**Task instructions**. Your output must hold every entry exactly as written and none of the pictures.

Dataset excerpts
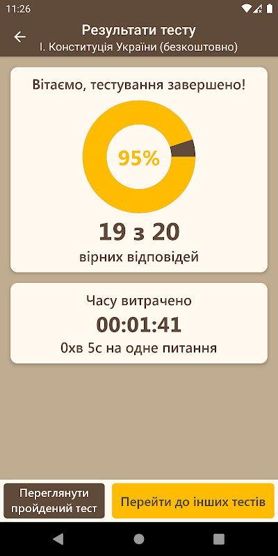 ในแอปพลิเคชันนี้คุณไม่เพียง แต่ศึกษาเนื้อหาและทำการทดสอบเท่านั้น แต่ยังสามารถดูการเปรียบเทียบผลลัพธ์ของคุณกับผลลัพธ์ของผู้ใช้รายอื่นที่อยู่ระหว่างการทดสอบ
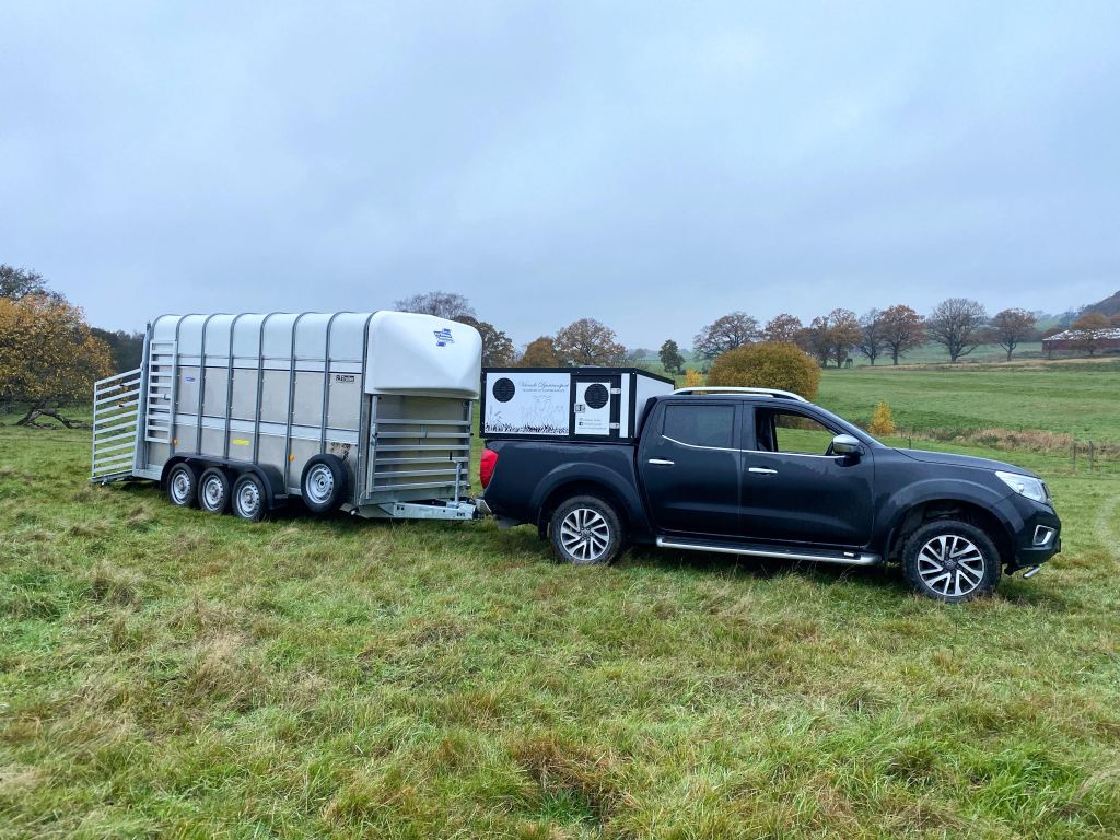 Jag kör det största Ifor William släpet, treaxlad, med en, alternativt två våningar. Total lastvikt ca 2000kg. Genom hela Sverige, både korta och långa resor! Verksamheten startade hösten 2021 och sedan dess har jag haft många spännande transporter, lastat djur fram och tillbaka ute i skärgården, transporterat älgar mellan djurparker, hjortar mellan olika hägn, lockiga grisar, kungens lamm och nöt, vattenbufflar genom halva Sverige och en hel drös avelstjurar mellan besättningar.
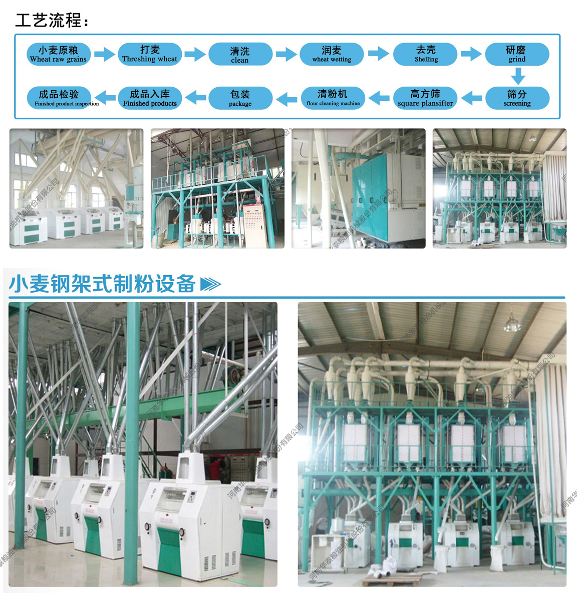 华泰生产的小麦制粉成套设备学习了国内外的技术参数,钢架楼房结构均可,占用空间小,产量大、质量好,出粉 率高,灰分低,消耗少。麦间采用三筛二打二去石一洗麦的清理工艺,粉间采用皮渣心并重,皮磨筛外分级,心磨撞击辅助出粉的工艺,电耗低,结构合理。
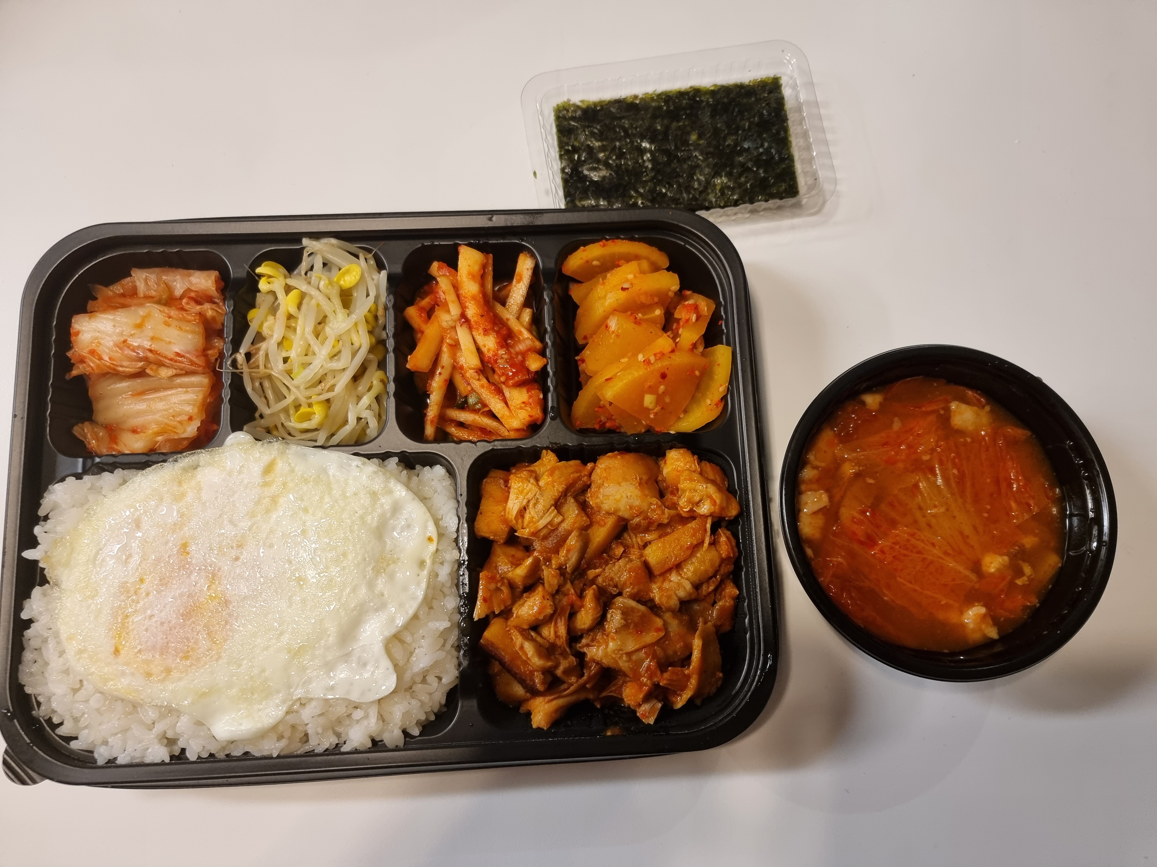 제일 위에 사진에도 있지만... 계란후라이도 하나씩 들어있고, 무엇보다 밥을 정말 도시락 통에 꾹꾹 눌러 넣어주셔서 양도 푸짐한 편이에요.
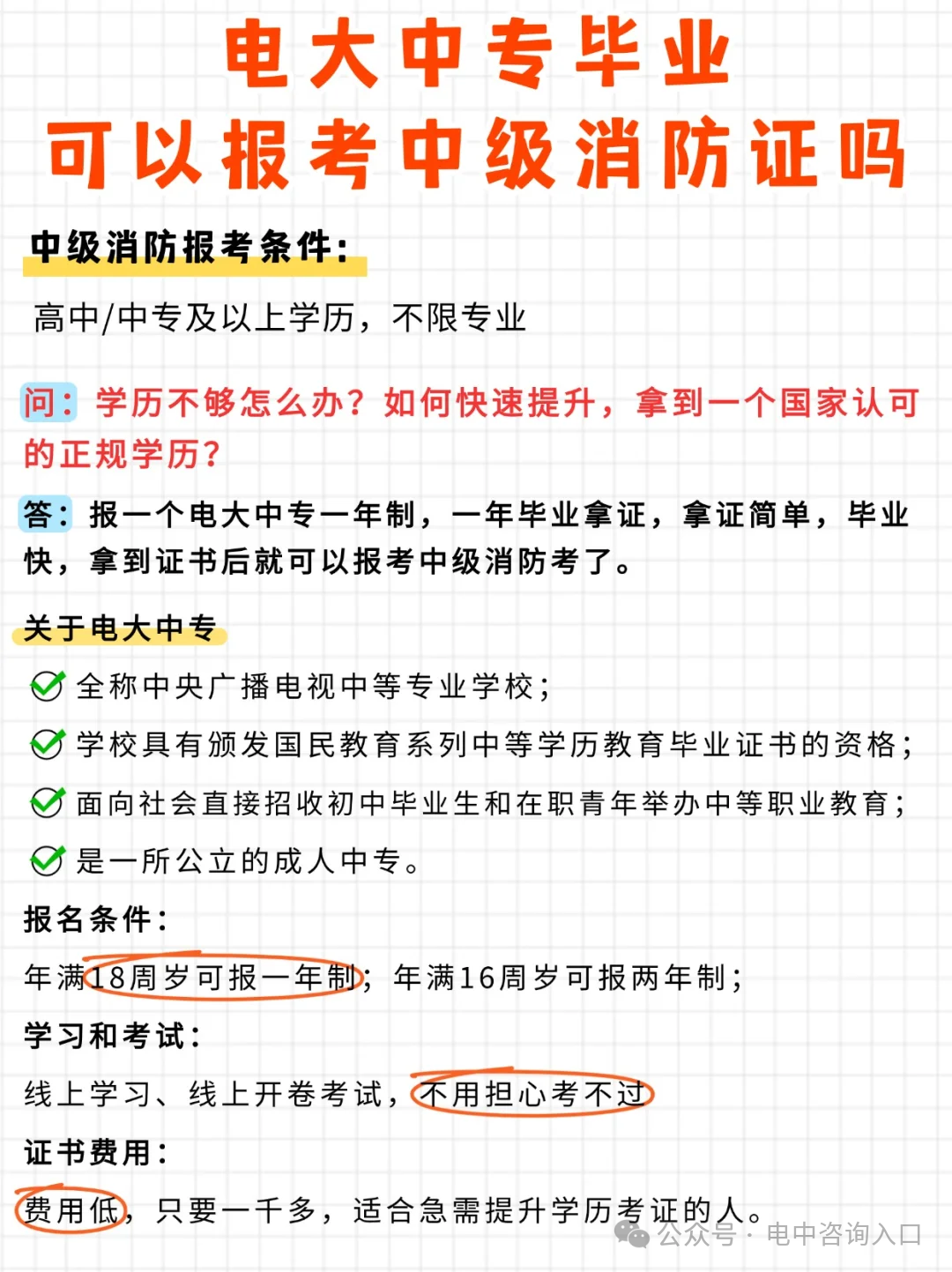 答:报一个电大中专一年制,一年毕业拿证,拿证简单,毕业快,拿到证书后就可以报考中级消防考了。

**Exercise answer**.
 ในแอปพลิเคชันนี้คุณไม่เพียง แต่ศึกษาเนื้อหาและทำการทดสอบเท่านั้น แต่ยังสามารถดูการเปรียบเทียบผลลัพธ์ของคุณกับผลลัพธ์ของผู้ใช้รายอื่นที่อยู่ระหว่างการทดสอบ
 Jag kör det största Ifor William släpet, treaxlad, med en, alternativt två våningar. Total lastvikt ca 2000kg. Genom hela Sverige, både korta och långa resor! Verksamheten startade hösten 2021 och sedan dess har jag haft många spännande transporter, lastat djur fram och tillbaka ute i skärgården, transporterat älgar mellan djurparker, hjortar mellan olika hägn, lockiga grisar, kungens lamm och nöt, vattenbufflar genom halva Sverige och en hel drös avelstjurar mellan besättningar.
 华泰生产的小麦制粉成套设备学习了国内外的技术参数,钢架楼房结构均可,占用空间小,产量大、质量好,出粉 率高,灰分低,消耗少。麦间采用三筛二打二去石一洗麦的清理工艺,粉间采用皮渣心并重,皮磨筛外分级,心磨撞击辅助出粉的工艺,电耗低,结构合理。
 제일 위에 사진에도 있지만... 계란후라이도 하나씩 들어있고, 무엇보다 밥을 정말 도시락 통에 꾹꾹 눌러 넣어주셔서 양도 푸짐한 편이에요.
 答:报一个电大中专一年制,一年毕业拿证,拿证简单,毕业快,拿到证书后就可以报考中级消防考了。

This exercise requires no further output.